GOAL OF THE EXERCISE:
Images are not part of the copy; write out the rest of the data exactly as given.

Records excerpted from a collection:
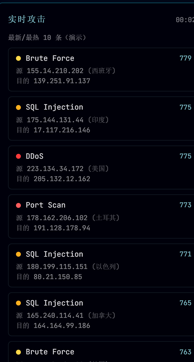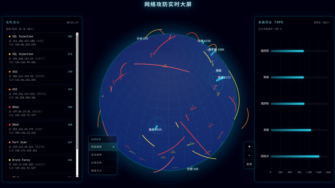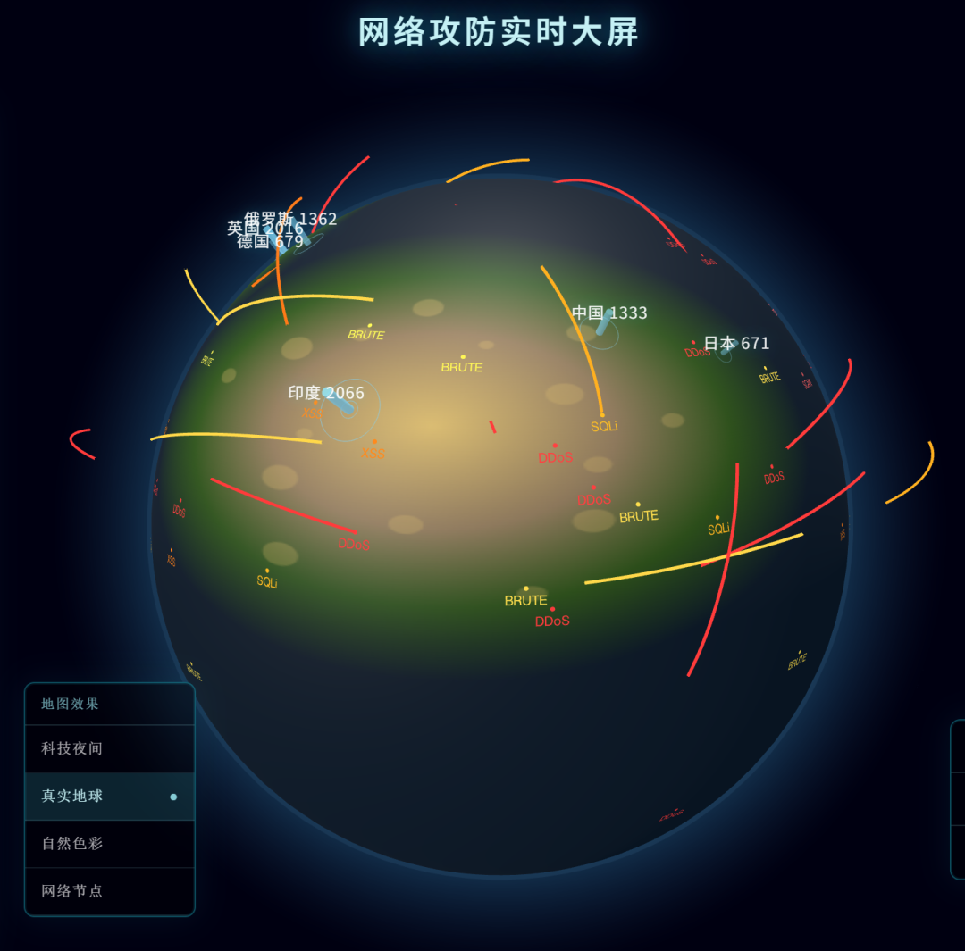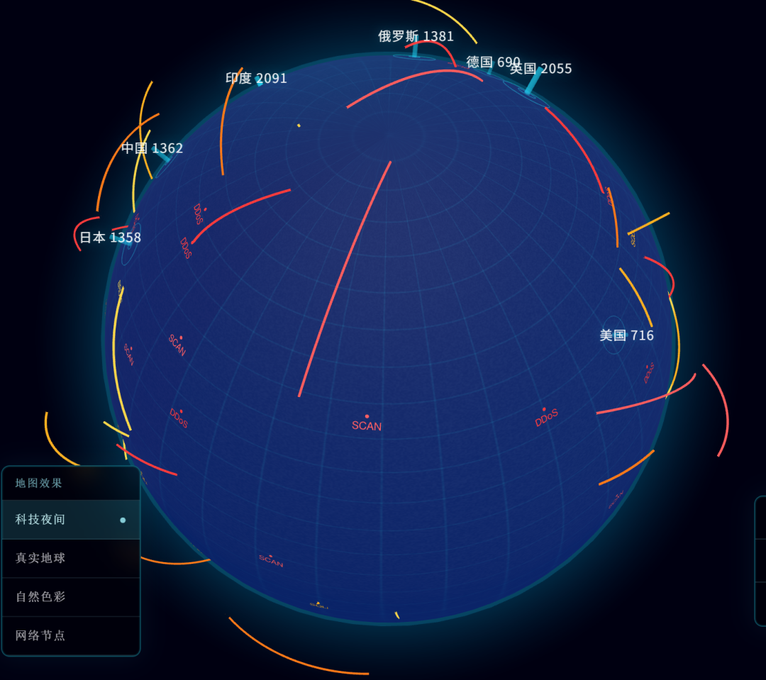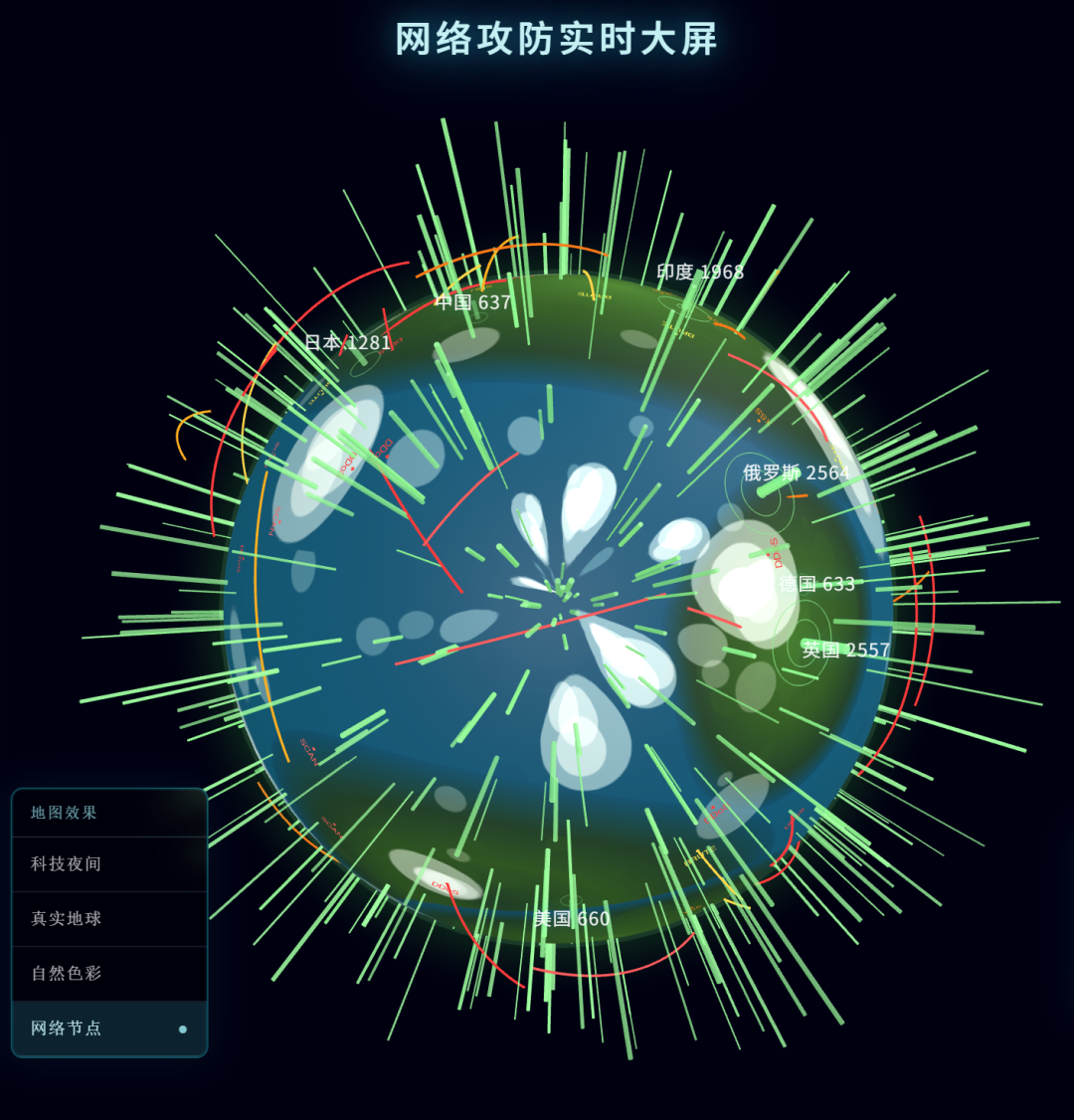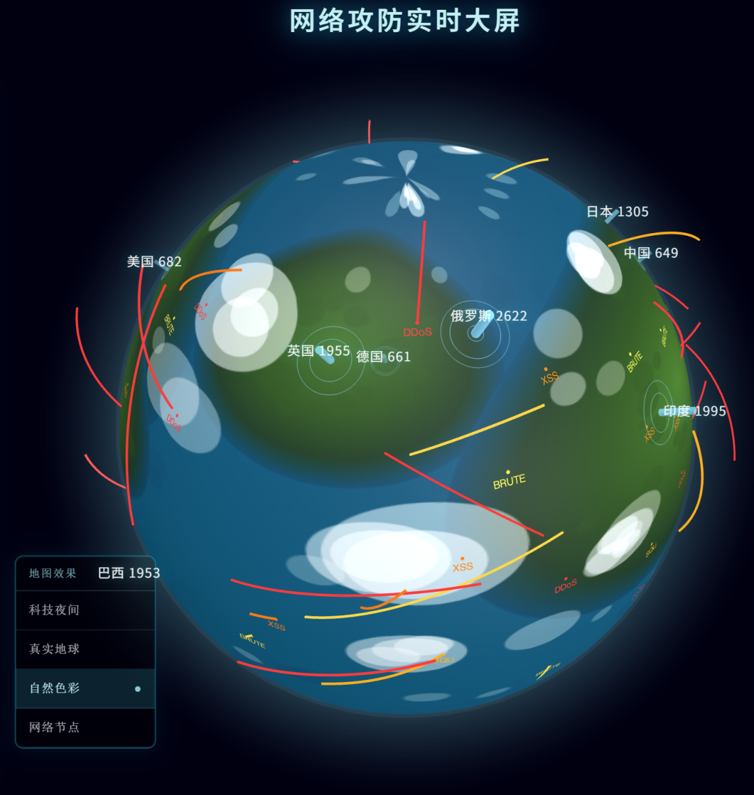 实时网络攻击地图,要能看到飞线在地球上穿梭
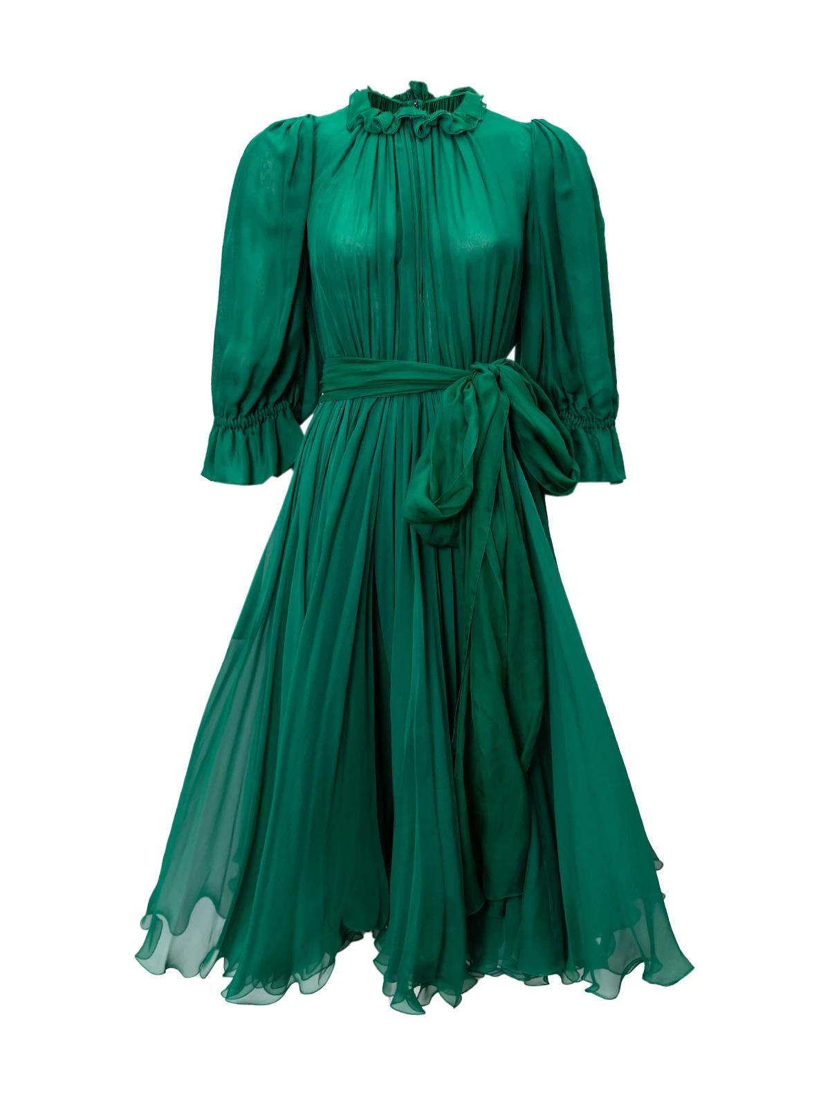 Платье DOLCE & GABBANA IT 38 зеленое шелк миди с поясом рукава ворот с воланами
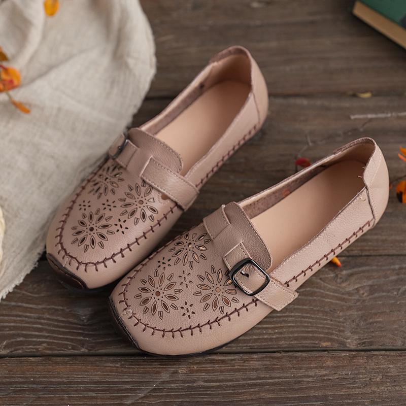 La parte superior y la plantilla están hechas de cuero de primera capa. Suaves, flexibles y cómodas. Cortadas a mano. Lucen tu belleza única.
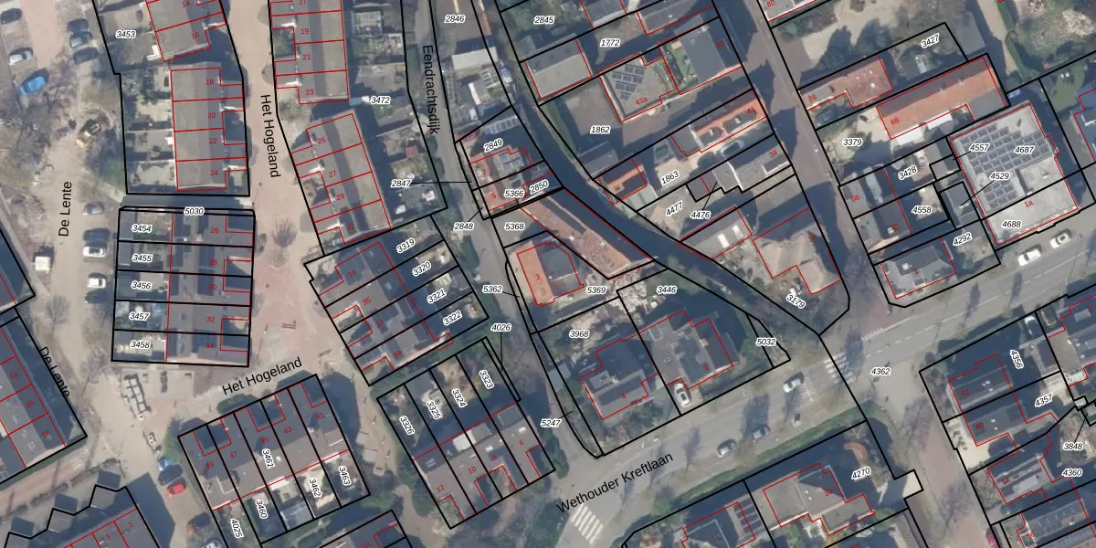 Gebruik de zoekbalk of klik op een perceel voor informatie over de adressen binnen dit perceel.
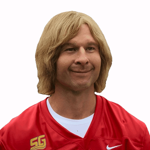Content Description: a man with blonde hair is wearing a red nike jersey with the letters sg on it

OUTPUT FOR THIS EXERCISE:
 实时网络攻击地图,要能看到飞线在地球上穿梭
 Платье DOLCE & GABBANA IT 38 зеленое шелк миди с поясом рукава ворот с воланами
 La parte superior y la plantilla están hechas de cuero de primera capa. Suaves, flexibles y cómodas. Cortadas a mano. Lucen tu belleza única.
 Gebruik de zoekbalk of klik op een perceel voor informatie over de adressen binnen dit perceel.
Content Description: a man with blonde hair is wearing a red nike jersey with the letters sg on it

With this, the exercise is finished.